● Task to complete: Repeat each entry word for word; the images are not part of the copy.

● Recorded data:
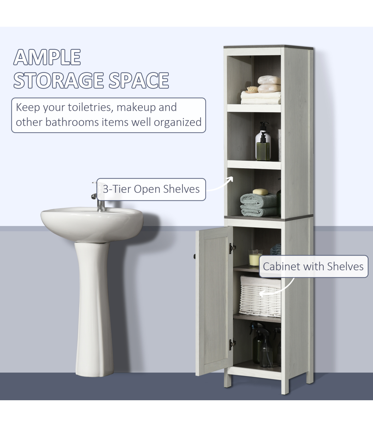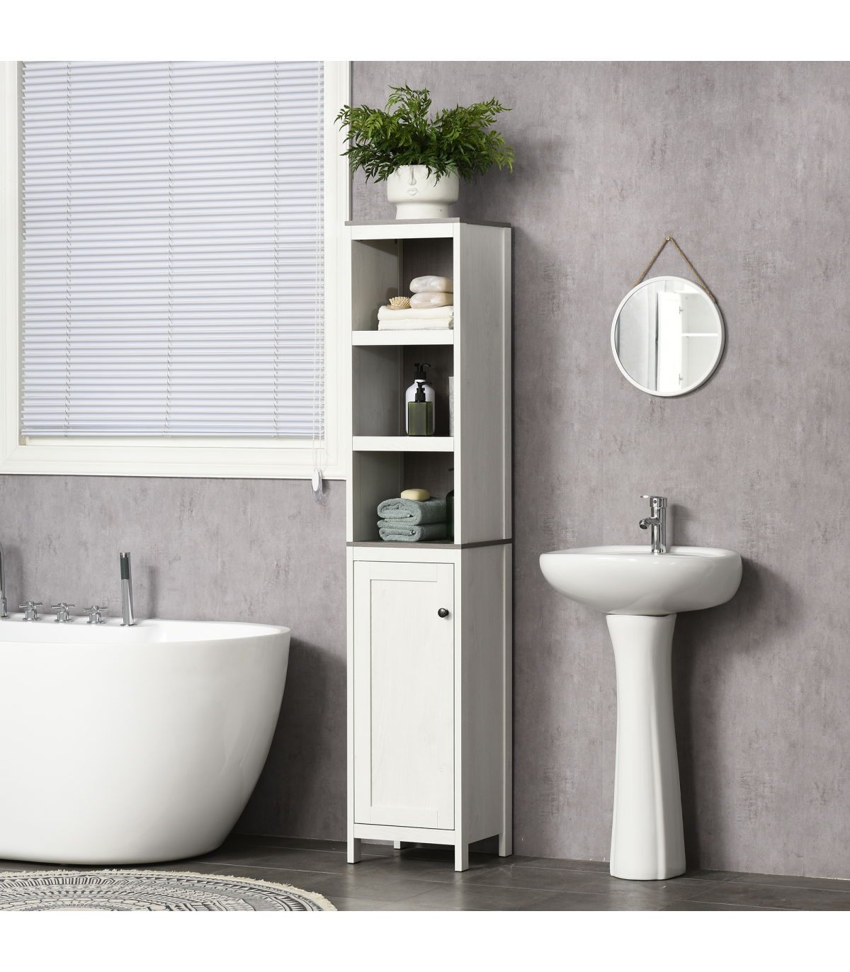 Tall Bathroom Storage Cabinet, Linen Tower with Adjustable Shelf, White
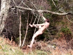 Naked self-bondage in the woods gone wrong.
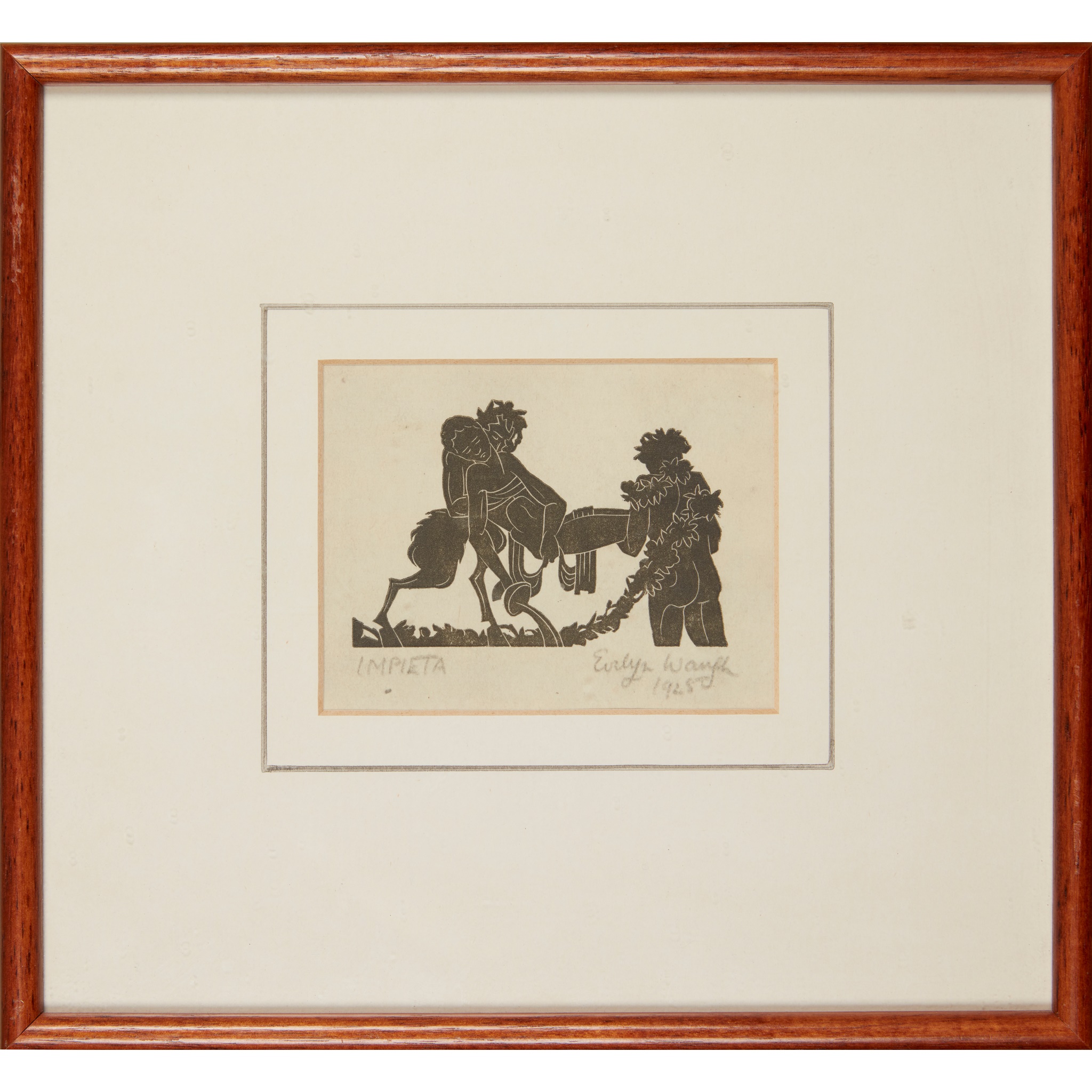 woodcut, showing a bacchante carried by Bacchus and a faun, signed and dated by Waugh lower right, title lower right, both in pencil, mounted, framed and glazed, mount aperture 8 x 10.5cm
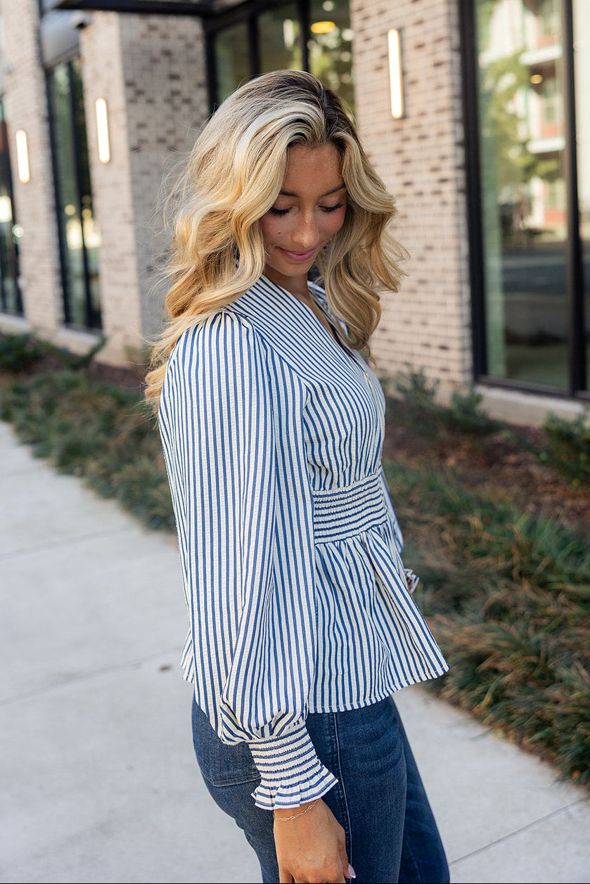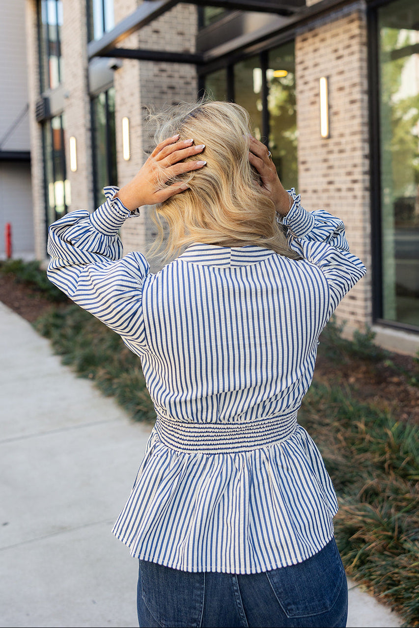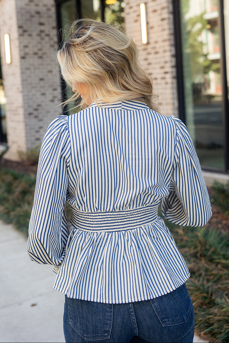 Effortlessly chic with a playful silhouette, the Selah Blue & White Stripe Zip-Up Top is a versatile addition to your wardrobe. Crafted from lightweight blue and white fabric with a classic stripe print, it features a flattering smocked waist, flared hem, and a v-neckline. Long sleeves and a gold front zip-up closure add polished details, making this top perfect for pairing with jeans, skirts, or layered looks for a stylish everyday outfit.
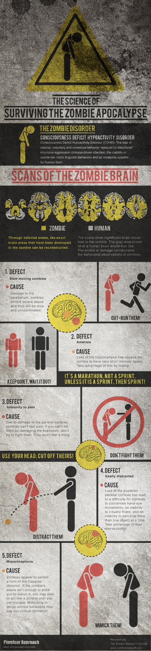 The Zombie Apocalypse: Are You Prepared? Niall Murphy at 12:23 pm July 4, 2011 Finally. A useful infographic. via FacebookTwitterPinterestSponsored Link Related posts: To Do List: Pay Gas Bill, Get Milk, Brains I’m Taking Your Banjo… Picnegen Éiretifacts

● Exercise output:
 Tall Bathroom Storage Cabinet, Linen Tower with Adjustable Shelf, White
 Naked self-bondage in the woods gone wrong.
 woodcut, showing a bacchante carried by Bacchus and a faun, signed and dated by Waugh lower right, title lower right, both in pencil, mounted, framed and glazed, mount aperture 8 x 10.5cm
 Effortlessly chic with a playful silhouette, the Selah Blue & White Stripe Zip-Up Top is a versatile addition to your wardrobe. Crafted from lightweight blue and white fabric with a classic stripe print, it features a flattering smocked waist, flared hem, and a v-neckline. Long sleeves and a gold front zip-up closure add polished details, making this top perfect for pairing with jeans, skirts, or layered looks for a stylish everyday outfit.
 The Zombie Apocalypse: Are You Prepared? Niall Murphy at 12:23 pm July 4, 2011 Finally. A useful infographic. via FacebookTwitterPinterestSponsored Link Related posts: To Do List: Pay Gas Bill, Get Milk, Brains I’m Taking Your Banjo… Picnegen Éiretifacts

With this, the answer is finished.